Min Yoongi (also known as SUGA/Agust D) once said that you’ll find BTS when you need them the most. This past spring, we saw the rapper and music producer twice on his solo world tour, his first solo tour for any BTS member. In Newark, I met Kim from Pennsylvania. After six hours of waiting in the rain to gain VIP soundcheck access, my daughter and I secured a spot right in front of the stage and stood for two more hours before the show started. Just as I began to think I was too old for this, I noticed a woman next to me, looking my age. We exchanged knowing smiles. “This is my reward for surviving a year of chemotherapy,” she said to me. She leaned heavily on a walker with one hand, her ARMY Bomb flashing in the other.

For the next five hours, despite almost collapsing from exhaustion, not once did Kim stop smiling. We sangtogether and screamed together until our voices became hoarse. We weren’t there to escape our lives; we were there to live them fully.

The journey doesn’t end here. BTS continues to inspire and captivate me. Their music, their performances, and their message of self-love and unity resonate deeply within me. They have become more than just a boy band to me; they are a source of inspiration and joy. Through their music, they have created a community of love and support that transcends borders and brings people from all walks of life together.

As I reflect on my journey as a proud Superfan, I realize that BTS has brought so much happiness and positivity into my life.

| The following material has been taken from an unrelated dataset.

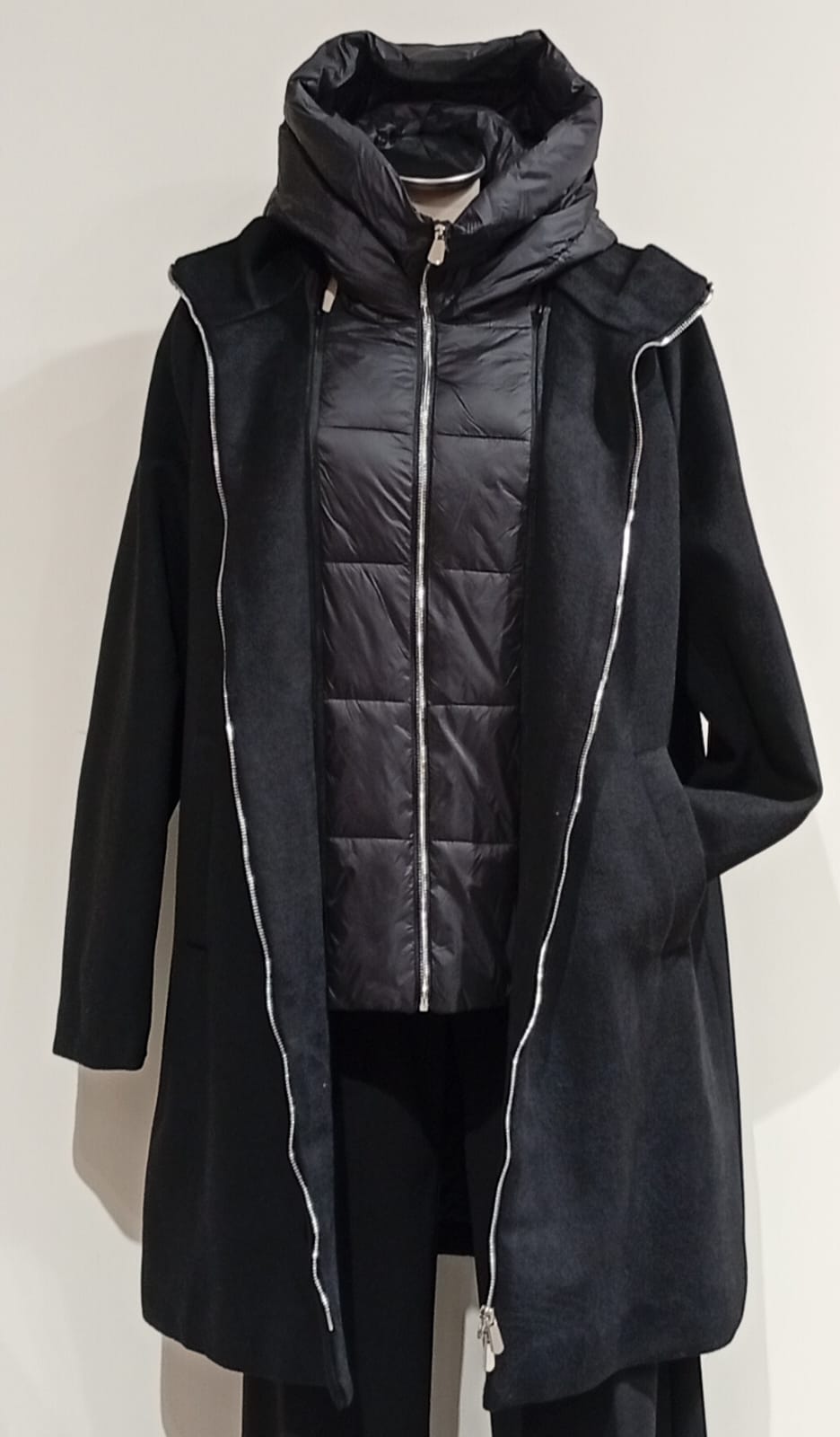 Cappotto 2 pezzi staccabili, con zip, con cappuccio e patta in piumino, tinta unita, colore nero.

They have reminded me of the power of music, the importance of chasing your dreams, and the beauty of connecting with others who share the same passion.

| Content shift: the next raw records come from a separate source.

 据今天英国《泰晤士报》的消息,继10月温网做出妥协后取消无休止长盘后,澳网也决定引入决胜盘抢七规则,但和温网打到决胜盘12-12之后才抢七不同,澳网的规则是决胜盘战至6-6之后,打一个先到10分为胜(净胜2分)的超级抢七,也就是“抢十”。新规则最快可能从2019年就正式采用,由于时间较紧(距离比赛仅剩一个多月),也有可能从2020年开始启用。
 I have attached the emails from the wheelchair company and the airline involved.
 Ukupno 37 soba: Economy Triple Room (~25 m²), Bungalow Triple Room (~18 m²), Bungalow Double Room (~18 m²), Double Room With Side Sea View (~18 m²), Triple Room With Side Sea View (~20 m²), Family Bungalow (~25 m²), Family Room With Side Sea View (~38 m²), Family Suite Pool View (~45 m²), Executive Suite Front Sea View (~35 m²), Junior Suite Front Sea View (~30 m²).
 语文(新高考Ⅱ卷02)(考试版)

So, yes, I love BTS, and I embrace my role as a Superfan with pride. They have touched my heart and ignited a fire within me that will continue to burn bright. I am grateful for the joy they bring into my life and for the community of ARMY that I am a part of. Together, we celebrate their music, their achievements, and the bond we share as fans.

In the end, it’s not just about BTS; it’s about the love, inspiration, and connection that their music brings. And as long as that flame keeps burning, I will continue to support and cherish this extraordinary journey.